(ENTRIES PROVIDED Opens)

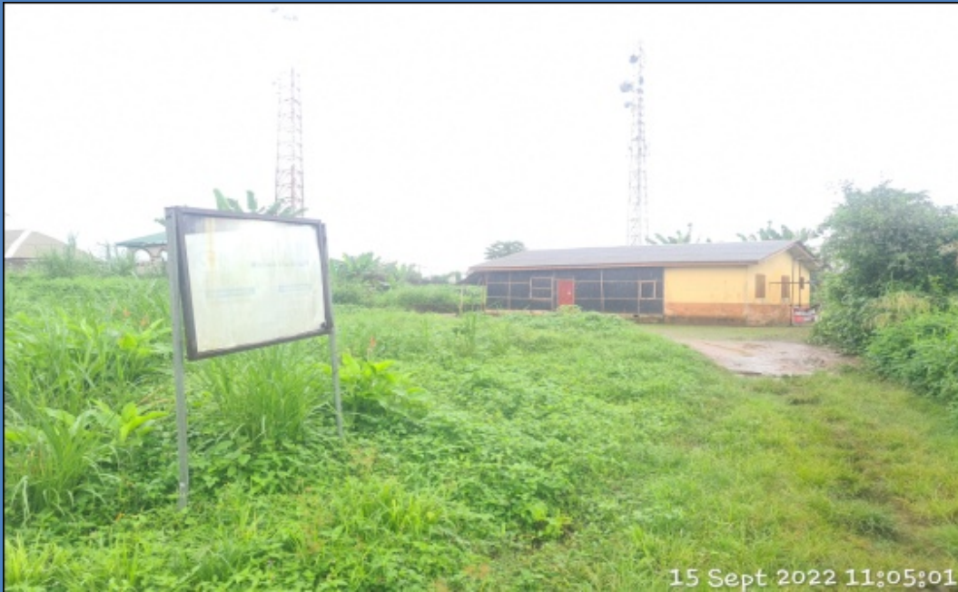
NAME: LIVING FAITH CHURCH (WINNER'S CHAPEL INTL) ADDRESS: EPE ITOKIN ROAD, KETU, EPE DEFECTS: NIL
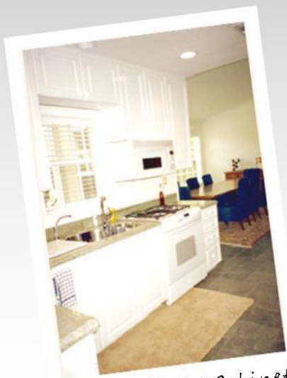
Ceiling Height Cabinets

There are many reasons to remodel your kitchen including:
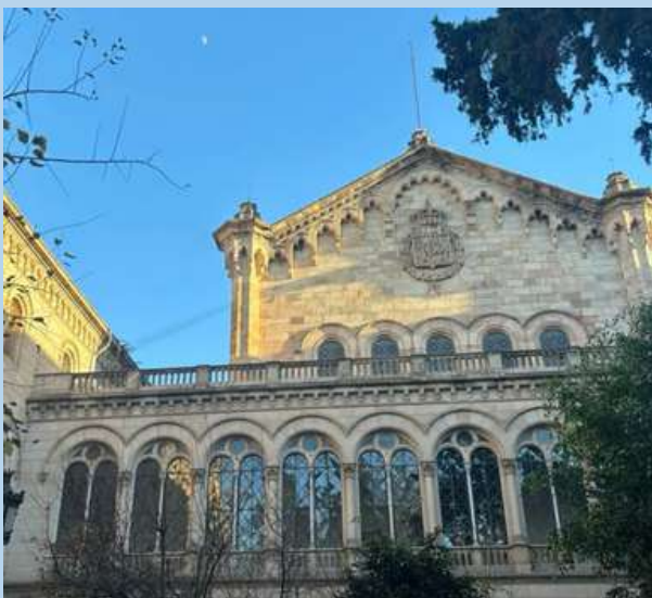
Universitat de Barcelona

Studying in Spain offers numerous benefits for Indian students, making it an attractive destination for higher education. Here are some compelling reasons:
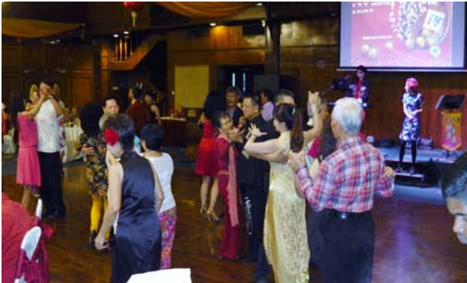
Ballroom Dancing CNY

In conclusion I would like to put on record, a word of thanks and appreciation to the present Dancesport Committee for their relentless effort and hard work. I would also like to extend my best wishes to the next committee for all their future undertaking.
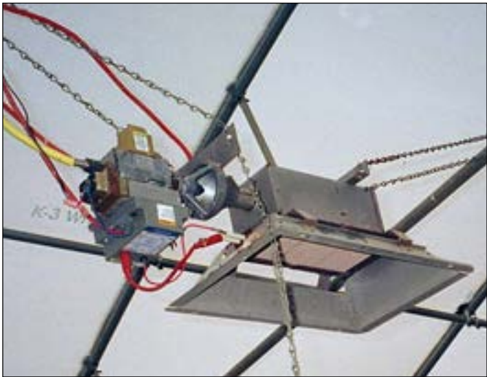
Lighting can be added to the hoop structures if needed.
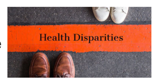
August 7-11, 2023 NIH Campus - Bethesda, MD
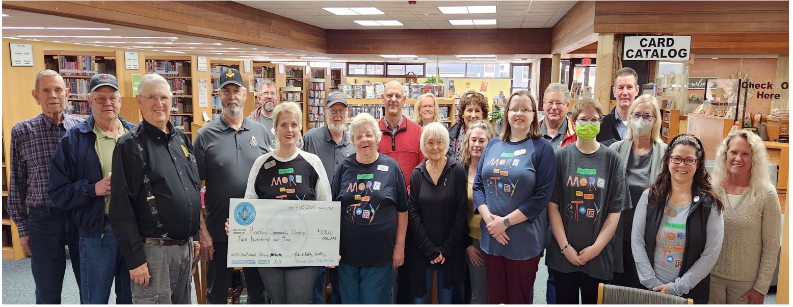
Harlan Community Library 718 Court Street, Harlan Tuesday, April 25, 2023
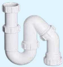
TP10 - 1 1/2" tubular swivel (in S trap swivel position)

Amazingly adjustable for easy installations
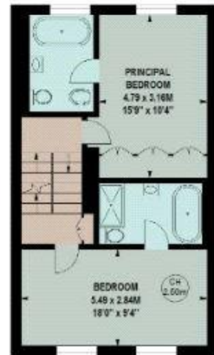
577 sq ft Second Floor
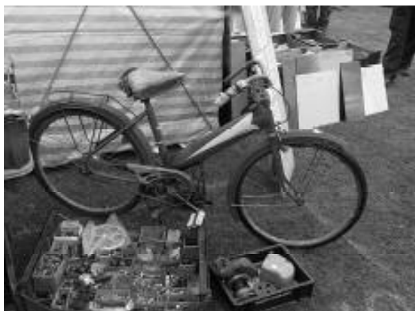
Presto/Mosquito on Pete Stratford's stand at Founder's Day

identical machine for sale at the VMCC Founder's Day Rally in July.
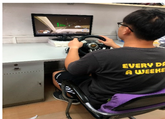
Figure 1. Driving simulator.

During the experiment, gaze position data were collected by the Tobii X2-60 eye tracker, which was produced by Tobii Electronic Technology (Suzhou, China) Co. Ltd. The sampling rate was 60 Hz and the accuracy was 0.34^\circ . Velocity data were collected by a driving simulator included in the UC-win/road simulation software, which was produced by the Japan FORUM 8 Company (Tokyo, Japan), and a driving operating system produced by PXN-V3 Pro, ShenZhen PXN Electronics Technology Co. Ltd. (Shenzhen, China), as shown in Figure 1. The software included "Terrain Input", "Road Definition", "Road Generation and Traffic Flow Generation", and "Edit, Output, Virtual Reality Simulation". The sampling rate was 15 Hz. The driving operating system included a steering wheel, pedals, gears, and a handbrake controller. The noncontact design was easy to use, performed stably, and has been widely used in universities and research institutions.
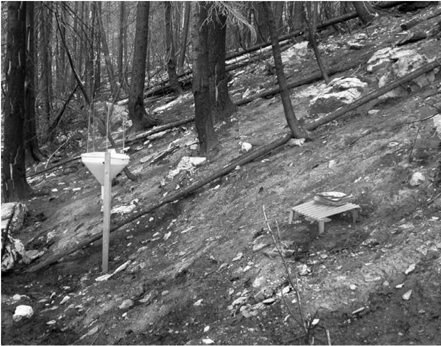
Fig. 2. Window trap and pitfall trap of a trap site in the burnt area.

The climate is continental with cold winters and dry summers (Zumbrunnen et al. 2009). Mean annual temperature decreases from 8.6 °C at 640 m a.s.l. to 5.2 °C at 1500 m a.s.l., while annual precipitation ranges from 600 mm at 640 m a.s.l. to 1000 mm at 1500 m a.s.l. (1961–1990) (Aschwanden et al. 1996). The 60-year old forest extended from a xerothermic mixed forest of oak ( Quercus pubescens ) and Scots pine ( Pinus sylvestris ) at 800 m a.s.l., to spruce ( Picea abies ) and open larch ( Larix decidua ) forest at timberline at approx. 2000 m a.s.l. (Moretti et al. 2010). Within each vegetation type the forest was homogenously structured, with the exception of small gaps of former pastures and rock outcrops. Along the altitudinal gradient, forest density and canopy coverage decreased with altitude.
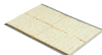
Cheesy Garlic Breadstick Dough
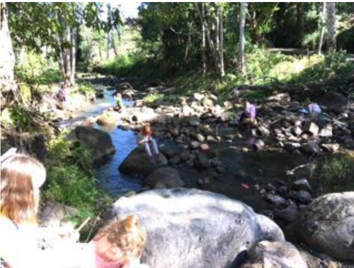
Descriptive writing at the creek
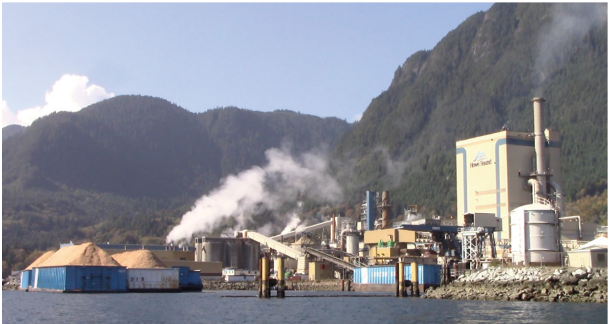
Howe Sound Pulp and Paper mill at Port Mellon.

Contamination in fish and shellfish has generally declined near HSPP to levels below the Health Canada consumption criteria, 2,3 but advisories to limit consumption of crab (i.e., specifically the hepatopancreas where dioxins are concentrated) are posted and remain in effect in Howe Sound. 4 Environment Canada oversees an Environmental Effects Monitoring (EEM) program that continues today at the HSPP mill.

(ENTRIES PROVIDED Closes)

## EXERCISE DESCRIPTION
Please restate the entries word for word, with all pictures left out.

## EXERCISE SOLUTION
NAME: LIVING FAITH CHURCH (WINNER'S CHAPEL INTL) ADDRESS: EPE ITOKIN ROAD, KETU, EPE DEFECTS: NIL
Ceiling Height Cabinets

There are many reasons to remodel your kitchen including:
Universitat de Barcelona

Studying in Spain offers numerous benefits for Indian students, making it an attractive destination for higher education. Here are some compelling reasons:
Ballroom Dancing CNY

In conclusion I would like to put on record, a word of thanks and appreciation to the present Dancesport Committee for their relentless effort and hard work. I would also like to extend my best wishes to the next committee for all their future undertaking.
Lighting can be added to the hoop structures if needed.
August 7-11, 2023 NIH Campus - Bethesda, MD
Harlan Community Library 718 Court Street, Harlan Tuesday, April 25, 2023
TP10 - 1 1/2" tubular swivel (in S trap swivel position)

Amazingly adjustable for easy installations
577 sq ft Second Floor
Presto/Mosquito on Pete Stratford's stand at Founder's Day

identical machine for sale at the VMCC Founder's Day Rally in July.
Figure 1. Driving simulator.

During the experiment, gaze position data were collected by the Tobii X2-60 eye tracker, which was produced by Tobii Electronic Technology (Suzhou, China) Co. Ltd. The sampling rate was 60 Hz and the accuracy was 0.34^\circ . Velocity data were collected by a driving simulator included in the UC-win/road simulation software, which was produced by the Japan FORUM 8 Company (Tokyo, Japan), and a driving operating system produced by PXN-V3 Pro, ShenZhen PXN Electronics Technology Co. Ltd. (Shenzhen, China), as shown in Figure 1. The software included "Terrain Input", "Road Definition", "Road Generation and Traffic Flow Generation", and "Edit, Output, Virtual Reality Simulation". The sampling rate was 15 Hz. The driving operating system included a steering wheel, pedals, gears, and a handbrake controller. The noncontact design was easy to use, performed stably, and has been widely used in universities and research institutions.
Fig. 2. Window trap and pitfall trap of a trap site in the burnt area.

The climate is continental with cold winters and dry summers (Zumbrunnen et al. 2009). Mean annual temperature decreases from 8.6 °C at 640 m a.s.l. to 5.2 °C at 1500 m a.s.l., while annual precipitation ranges from 600 mm at 640 m a.s.l. to 1000 mm at 1500 m a.s.l. (1961–1990) (Aschwanden et al. 1996). The 60-year old forest extended from a xerothermic mixed forest of oak ( Quercus pubescens ) and Scots pine ( Pinus sylvestris ) at 800 m a.s.l., to spruce ( Picea abies ) and open larch ( Larix decidua ) forest at timberline at approx. 2000 m a.s.l. (Moretti et al. 2010). Within each vegetation type the forest was homogenously structured, with the exception of small gaps of former pastures and rock outcrops. Along the altitudinal gradient, forest density and canopy coverage decreased with altitude.
Cheesy Garlic Breadstick Dough
Descriptive writing at the creek
Howe Sound Pulp and Paper mill at Port Mellon.

Contamination in fish and shellfish has generally declined near HSPP to levels below the Health Canada consumption criteria, 2,3 but advisories to limit consumption of crab (i.e., specifically the hepatopancreas where dioxins are concentrated) are posted and remain in effect in Howe Sound. 4 Environment Canada oversees an Environmental Effects Monitoring (EEM) program that continues today at the HSPP mill.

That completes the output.